Copy only what lies from the line containing "2004年國家級守合同重信用企業" through the line containing "थोरांचे ऐकावे. प्रवासाला" in the entries below, keeping both end lines exact and dropping every picture.

*** Records for the task Section Begins ***

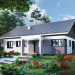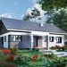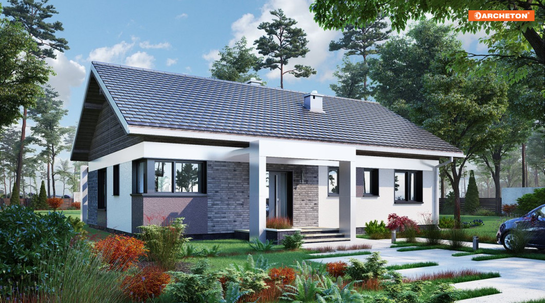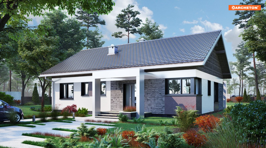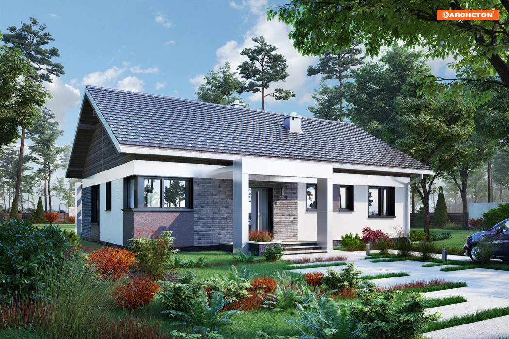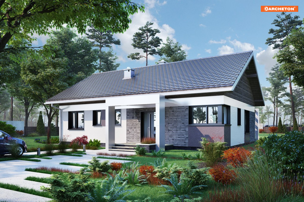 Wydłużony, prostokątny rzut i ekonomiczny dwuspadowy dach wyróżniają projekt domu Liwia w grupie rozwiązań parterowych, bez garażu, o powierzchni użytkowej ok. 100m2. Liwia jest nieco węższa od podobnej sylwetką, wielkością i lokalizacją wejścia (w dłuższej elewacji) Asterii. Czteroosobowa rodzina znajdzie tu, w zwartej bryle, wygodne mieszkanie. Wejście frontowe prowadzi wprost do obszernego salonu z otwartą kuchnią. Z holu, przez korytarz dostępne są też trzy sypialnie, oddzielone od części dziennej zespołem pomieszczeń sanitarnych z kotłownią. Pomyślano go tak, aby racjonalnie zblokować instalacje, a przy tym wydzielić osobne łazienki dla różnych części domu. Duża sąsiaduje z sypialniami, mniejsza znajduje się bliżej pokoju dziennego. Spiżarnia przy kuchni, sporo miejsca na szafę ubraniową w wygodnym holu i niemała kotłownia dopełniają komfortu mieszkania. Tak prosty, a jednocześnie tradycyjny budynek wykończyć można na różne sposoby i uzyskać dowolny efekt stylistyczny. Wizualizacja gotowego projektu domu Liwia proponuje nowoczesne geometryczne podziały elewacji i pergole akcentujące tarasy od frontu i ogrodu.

*** Records for the task Section Ends ***
*** Records for the task Section Begins ***

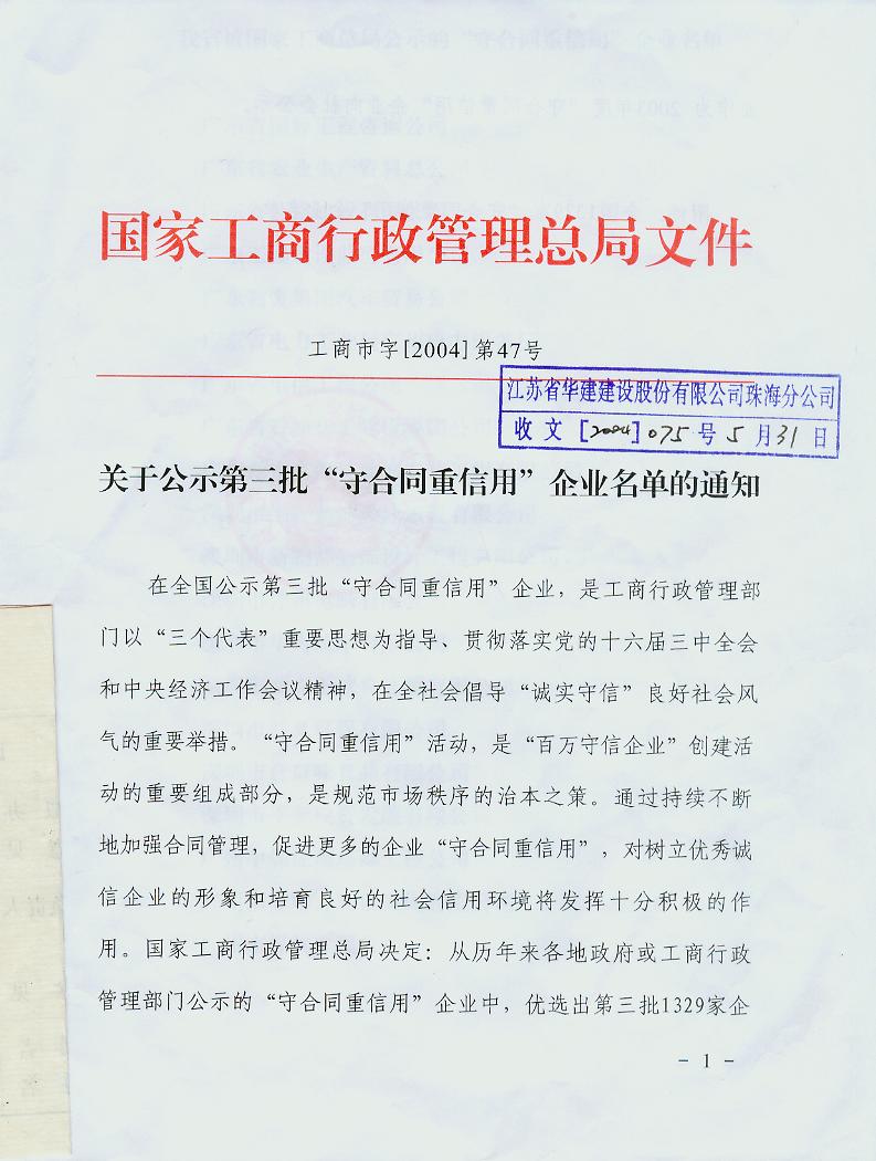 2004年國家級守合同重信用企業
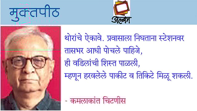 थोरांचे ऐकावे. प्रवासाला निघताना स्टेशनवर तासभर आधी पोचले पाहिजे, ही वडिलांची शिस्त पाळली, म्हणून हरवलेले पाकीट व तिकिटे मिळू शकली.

*** Records for the task Section Ends ***

**Response for this exercise**
 2004年國家級守合同重信用企業
 थोरांचे ऐकावे. प्रवासाला निघताना स्टेशनवर तासभर आधी पोचले पाहिजे, ही वडिलांची शिस्त पाळली, म्हणून हरवलेले पाकीट व तिकिटे मिळू शकली.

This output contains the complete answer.